3.2. Nrf2 and Fibrosis: The Role of TGF-β1

Low levels of Nrf2 have been associated with an increase in fibrosis markers. Fibrosis is the common pathway in all CKD forms, independent of the causes [62,63]. A study showed that the deletion of Nrf2 (Nr2−/−) in the obstructed kidney induces epithelial–mesenchymal transition (EMT) by promoting the upregulation of fibronectin and alpha-smooth muscle actin (α-SMA) and the downregulation of E-cadherin [64]. In contrast, the induction of Nrf2 was related to the decrease in TGF-β1, the master regulator of fibrosis [60]. Furthermore, the deficiency in HO-1 augmented fibrosis and apoptotic cell death seven days after obstruction [65]. In this study, the authors showed that in mice lacking HO-1, the levels of TGF-β1, α-SMA, and fibronectin were augmented. In contrast, the levels of claudin-2 decreased, suggesting that HO-1 is involved in fibrosis suppression [65]. Furthermore, the overexpression of catalase attenuates fibrosis in diabetic mice, which is attributed to the capability of catalase to decrease ROS and inhibit the RAS pathway [66,67,68]. Accordingly, catalase avoids angiotensinogen mRNA expression, impeding the production of angiotensin I and, later, angiotensin II [66]. In this way, it avoids the binding of angiotensin II to the receptor, the angiotensin receptor 1, impeding the RAS-pathway activation. Thus, Nrf2 and its targets have been suggested to regulate fibrosis through TGF-β1 and RAS pathways (Figure 3A).
Zhao et al. [38] showed that the blocking or deletion of Nrf2 ameliorates tubulointerstitial fibrosis and decreases hypertension and the urine albumin/creatinine ratio. Additionally, in vitro, the silencing of Nrf2 avoided high glucose-induced Nrf2 activation, which prevented the upregulation of angiotensin and angiotensin-converting enzyme (ACE) and the downregulation of angiotensin-converting enzyme 2 (ACE2) [38]. In contrast, Nrf2 wild-type induced ACE and angiotensin (Ang) overexpression. These data suggest that the upregulation of Nrf2 could lead to RAS activation, which generates hypertension in diabetes.

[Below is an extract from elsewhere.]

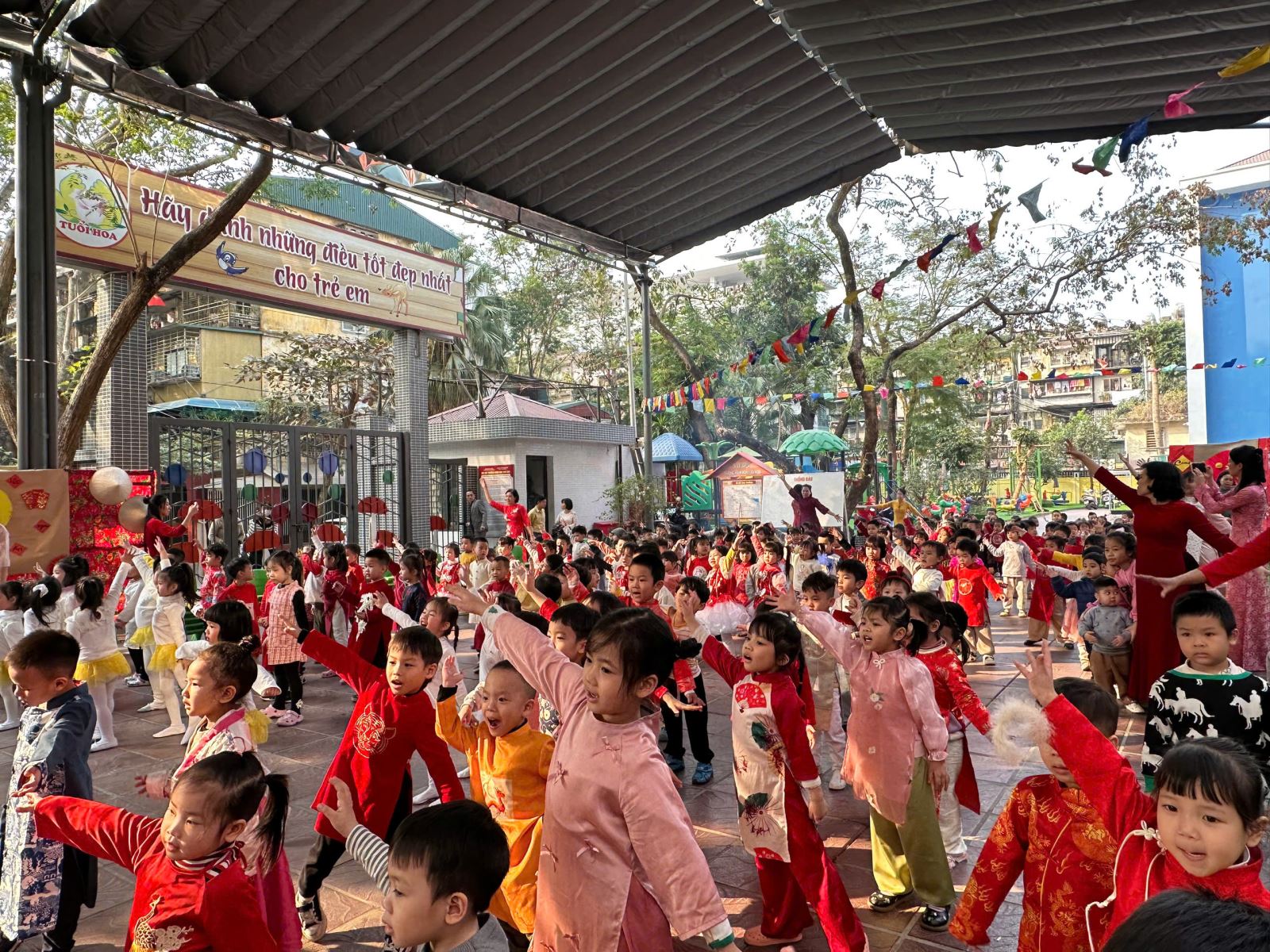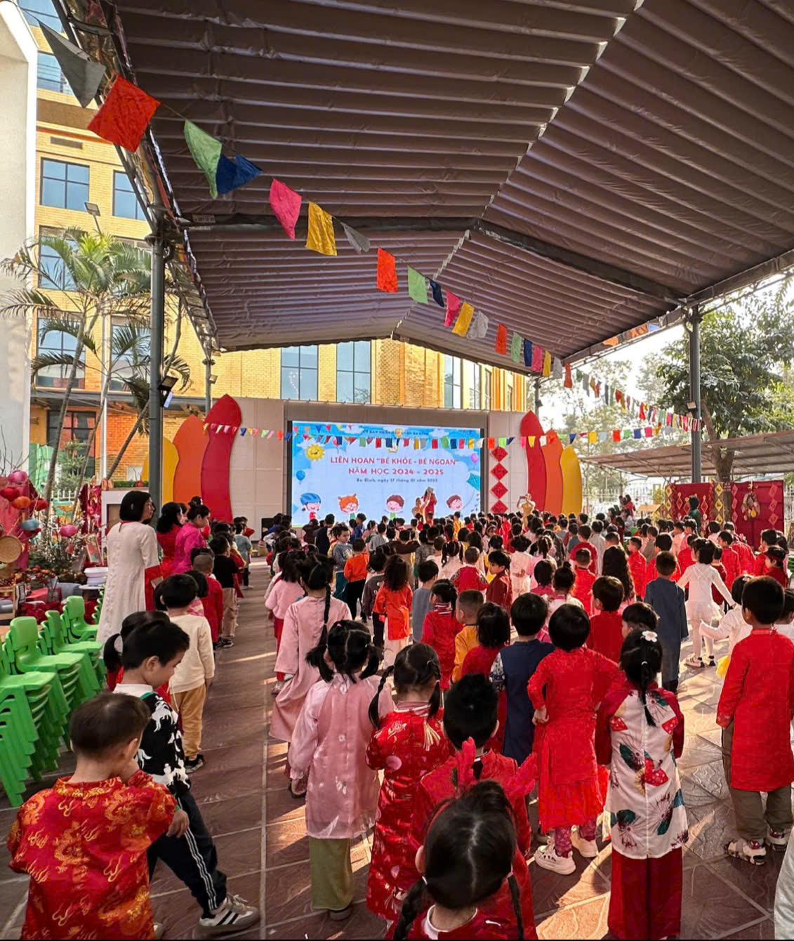 Dưới đây là một số hình ảnh của các con : Cô hiệu trưởng tuyên bố khai mạc chương trình Các bé đồng diễn flamost bài hát Việt Nam ơi Các bé khối nhỡ biểu diễn tiết mục " Every time we touch" Các em bé khối bé biểu diễn tiết mục " Little apple" Tiết mục của các anh chị khối lớn

According to the authors, the binding of advanced glycation end products (AGEs) produces ROS, which activates Nrf2 by inducing Keap1 cysteine-residue modification, leading to Nrf2 translocation to the nucleus, where it is positioned in the promoter of Ang/ACE gene. The latter upregulates the production of Ang, which might bind to ATR1, activating the RAS-signaling pathway [38] (Figure 3B).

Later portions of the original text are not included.